Reminiscences of Another EL Injection
Principle of Least Privilege in Action
Evaluating an input is a requirement for most of the custom web, mobile or desktop applications let alone popular frameworks. In this post, focusing on Spring Expression Language (SpEL) we’ll try to explain the concept of least privilege as a mechanism to prevent any unlawful behavior through expression language evaluation mechanisms.
Recently, on 26 March 2022, a proof of concept has been published that exploits a vulnerability on Spring Cloud Function (SCF) project. The vulnerability can be tracked with CVE-2022–22963. Here’s a short introduction to the SCF and the root cause of the problem.
An Introduction and Root Cause for CVE-2022–22963
As part of Spring Cloud project, which aims to provide tools for developers to build in distributed systems, Spring Cloud Function (SCF) mainly tries to achieve the implementation of business logic via functions. It has some cool features such as having a REST support to expose functions as HTTP endpoints, moreover, it promotes less code and less configuration.
Obviously, routing plays an important role to achieve these goals in an distributed environment.
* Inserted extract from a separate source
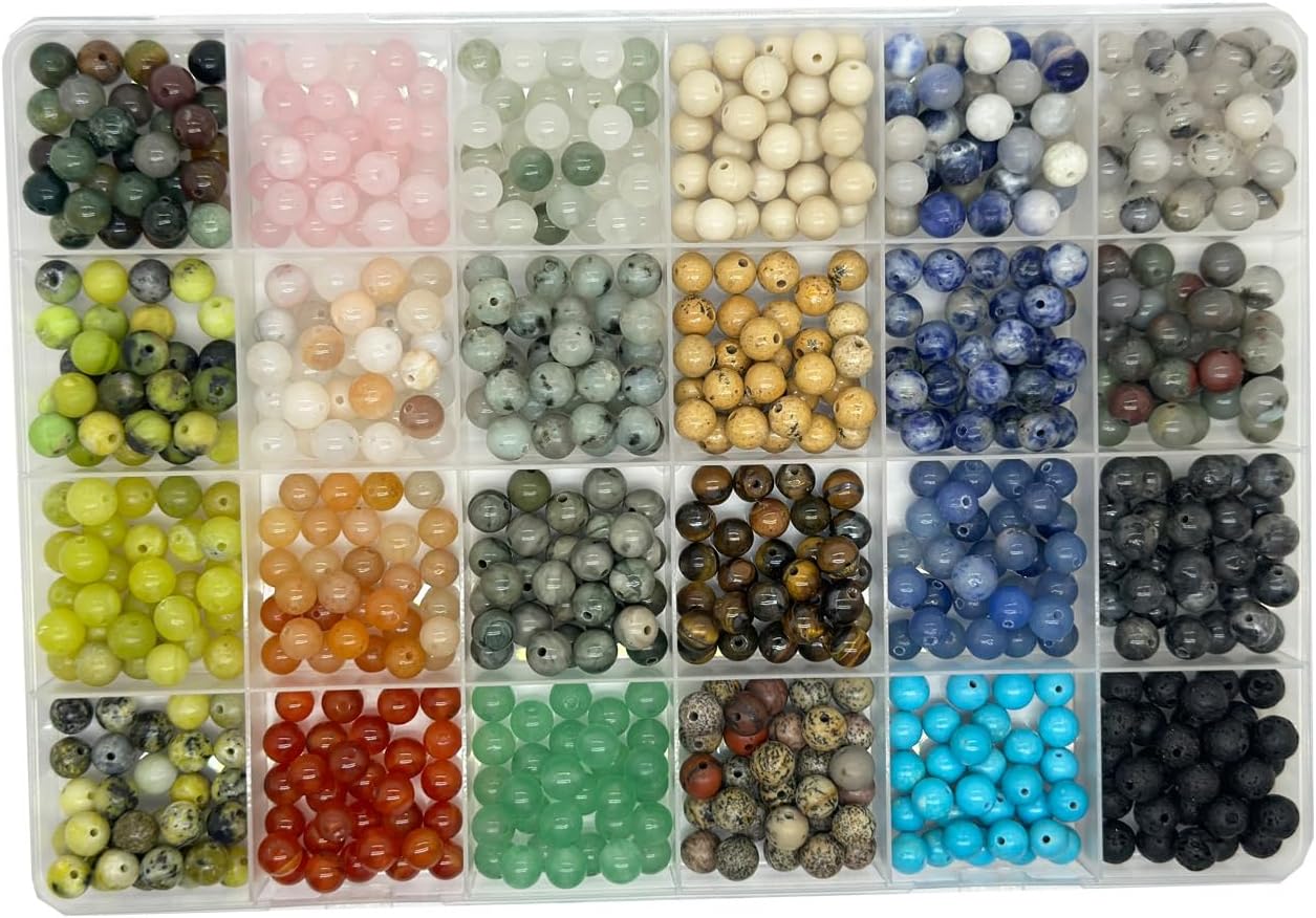 Maonewque 720pcs 6mm Natural Gemstone Beads Loose Gemstone Hole Size 1mm DIY Smooth Beads for Bracelet Necklace Earrings Jewelry Making,Box Packed (24 Materials-A)

And the routing is implicitly enabled by setting the spring.cloud.function.routing-expression property, which can also be set via an HTTP header. In more detail, the routing instruction that comes from the value of this property should result in the definition of the function to which to route. And here, the critical part is that the value provided is designed to be expressed in Spring Expression Language (SpEL for short).
So, in a nutshell, an HTTP header is accepted as an SpEL which naturally will be evaluated eventually somewhere; An untrusted input is being evaluated in a trusted environment. Hmm… This support has been around in SCF from 2019. More hmmm.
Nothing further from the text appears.